Raskolnikov s’était arrêté au bout du couloir pour l’attendre.
– J’étais sûr que tu viendrais, dit-il. Retourne vers elles et reste auprès d’elles… Sois aussi demain avec elles… et toujours. Moi, je reviendrai peut-être… si c’est possible. Adieu !
Il s’en alla sans lui donner la main.
– Mais où vas-tu ? Qu’as-tu ? Qu’as-tu donc ? Mais est-ce possible d’agir ainsi !… bredouilla Rasoumikhine complètement déconcerté.
Raskolnikov s’immobilisa de nouveau.
– Une fois pour toutes : ne me questionne jamais.
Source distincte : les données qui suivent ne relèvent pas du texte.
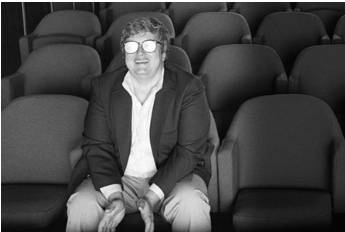
Roger Ebert Lives Forever in 'Life Itself'

The "Life Itself" snub is horrid bad karma for the snub-happy Academy voters. A movie about the movies, featuring the most venerated film critic who ever influenced movie culture, depicting as he STILL contributed while suffering from a debilitating disease. "Yeah, we'll pass..." I hate using the following word, but it's 'literally' unforgivable.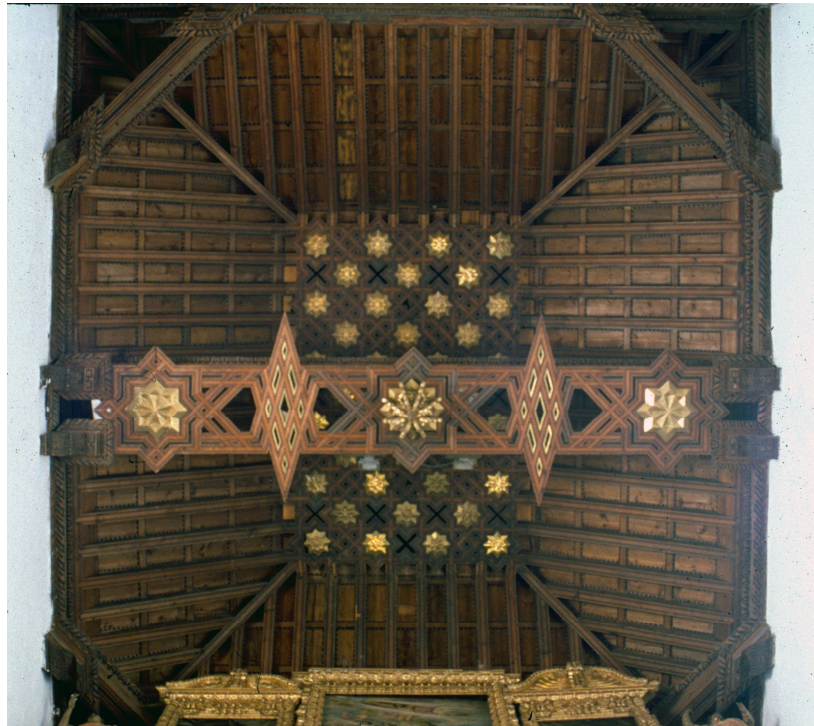
Fig1. Main chapel's ceiling of San Francisco church. Tlaxcala

The roofs structures respond to the typical Mudejar typologies, from the armadura de limas 5 to the alfarjes , the simplest and most common type. There are few remaining examples of the former, for instance San Francisco in Tlaxcala and San Diego in Huejotzingo (State of Puebla); however, the extensive documentation and various engravings, kept in different archives, bear testament of the complex architectural solutions that nowadays are not noticeable.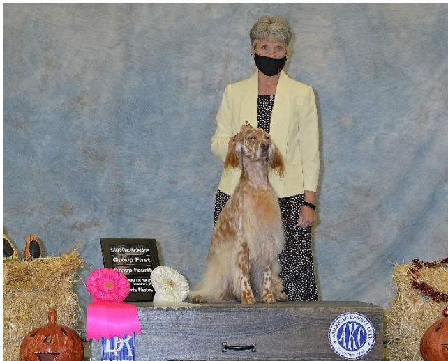
One of Spirit's NOHS Group Placements at Coeur d'Alene Shows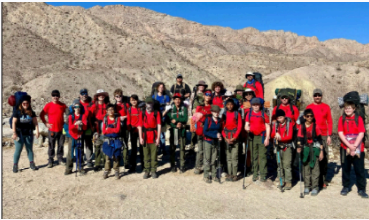
TROOP 616 FISH CREEK HIKE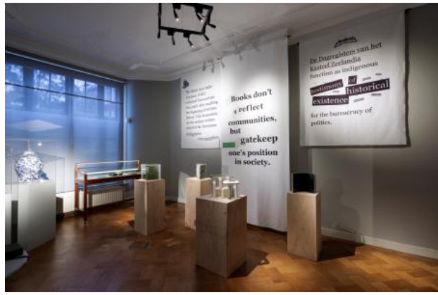
Four More States, 2025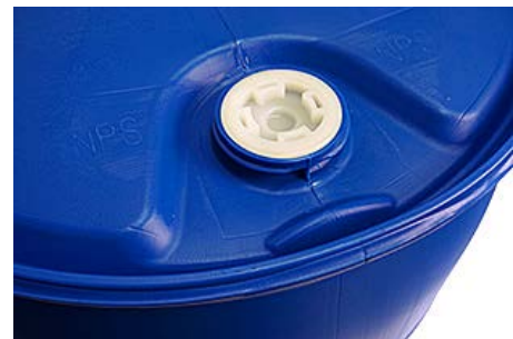
NPS Threaded Plug

Our 55 gallon tight head drums are extremely strong and compatible with most drum handling devices. In addition, our drums include a bottom handhold for easy use. We are FDA compliant and Kosher certified.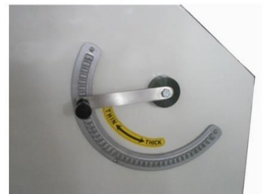
Side View of Handle Control for Dough Thickness

*Also available with red sides. Stock may vary when ordered. Please confirm with your dealer at time of purchase.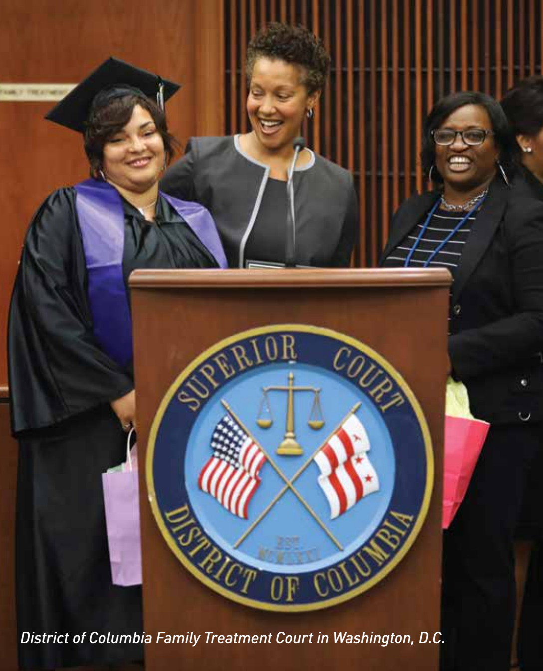
District of Columbia Family Treatment Court in Washington, D.C.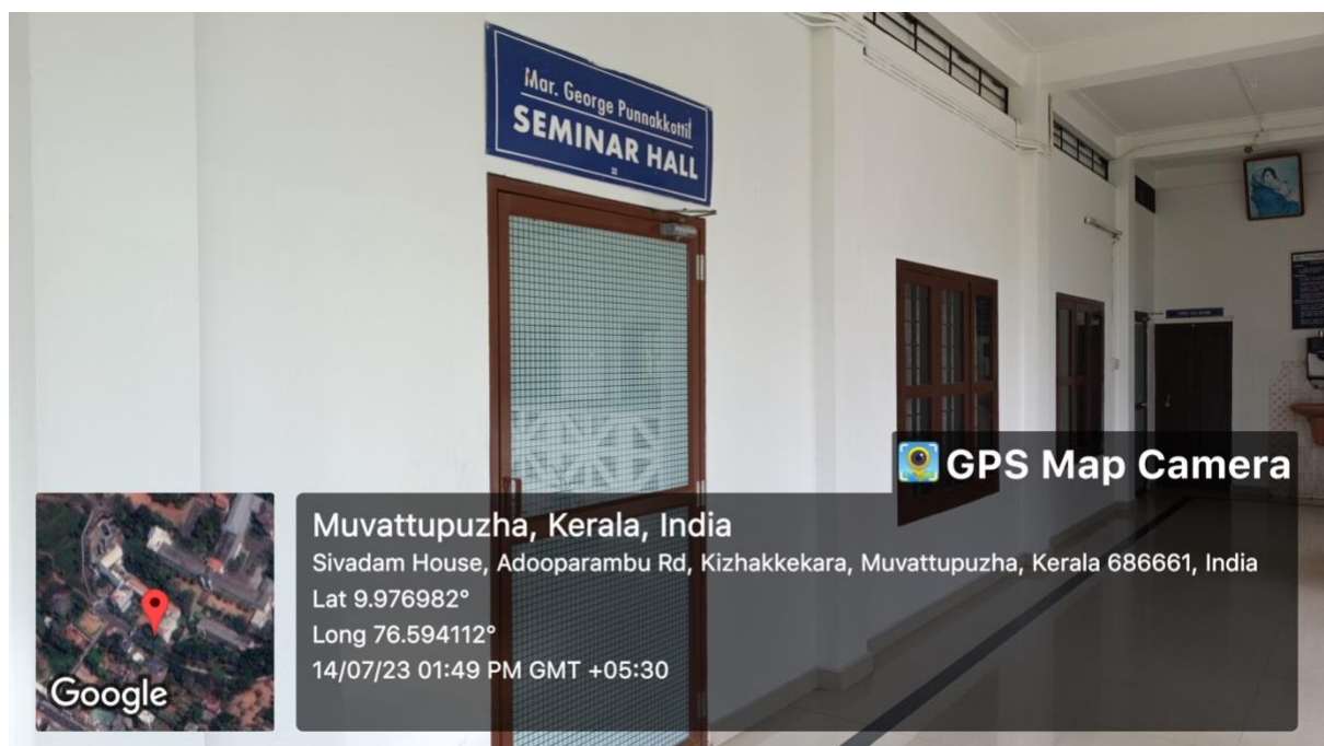
Seminar hall (SMART CLASSROOM) – Entrance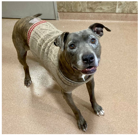
Asher 7 years old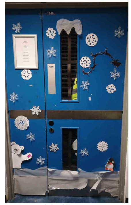
School Room 2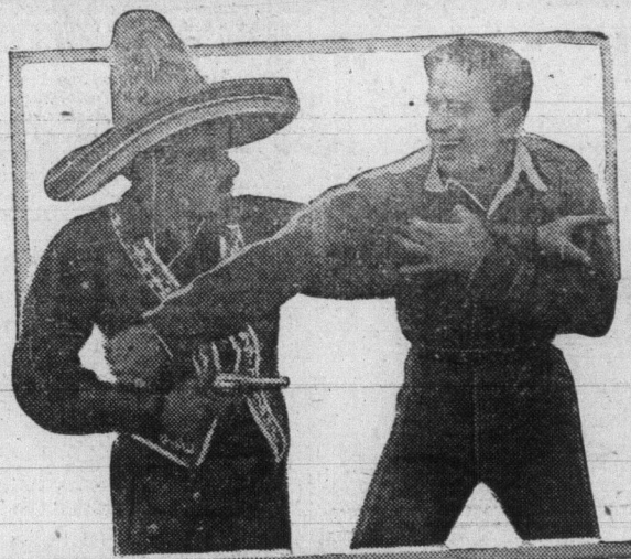
Douglas Fairbanks in "Arizona" at the Allen Wed. and Thurs.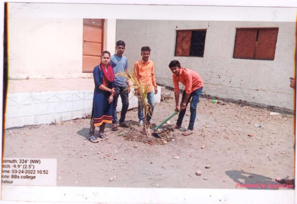
Student Tree plantation

Azimuth: 324° (NW) Pitch: -9.9° (2.5°) Time: 03-24-2022 10:52 Note: BBS college Balsur

Je n’ai pas de réponse à te faire. Ne viens plus chez moi. Il se peut que je revienne ici… Laisse-moi ; mais elles, ne les abandonne pas. M’as-tu compris ?
Le corridor était obscur ; ils étaient debout près d’une lampe. Ils se dévisagèrent en silence pendant une minute. Rasoumikhine se souvint de cette minute pendant toute sa vie. Le regard brûlant et aigu de Raskolnikov devenait de plus en plus intense, s’enfonçait dans son âme, dans sa conscience. Brusquement, Rasoumikhine frissonna… Quelque chose d’étrange passa entre eux… Une idée glissa de l’un à l’autre ; c’était quelque chose de subtil, d’effrayant, d’horrible, de soudain compréhensible pour tous les deux… Rasoumikhine devint pâle comme un mort.
– Tu comprends, à présent ? dit Raskolnikov, le visage tordu en une grimace maladive… Retourne, va chez elles, ajouta-t-il encore et, pivotant sur ses talons, il sortit dans la rue…
Il ne serait pas possible de décrire ce qui arriva ce soir-là chez Poulkhéria Alexandrovna, comment Rasoumikhine revint, comment il les consola, comment il jura qu’il fallait laisser Rodia se reposer parce qu’il était malade. Il promit que Rodia reviendrait, qu’il viendrait les voir chaque jour ; il dit que Rodia était très ébranlé et qu’il ne fallait pas l’énerver. Lui-même allait le surveiller, lui trouver un bon docteur, un meilleur docteur, tout un conseil de médecins… En un mot, à partir de ce soir-là, Rasoumikhine devint pour elles un fils et un frère.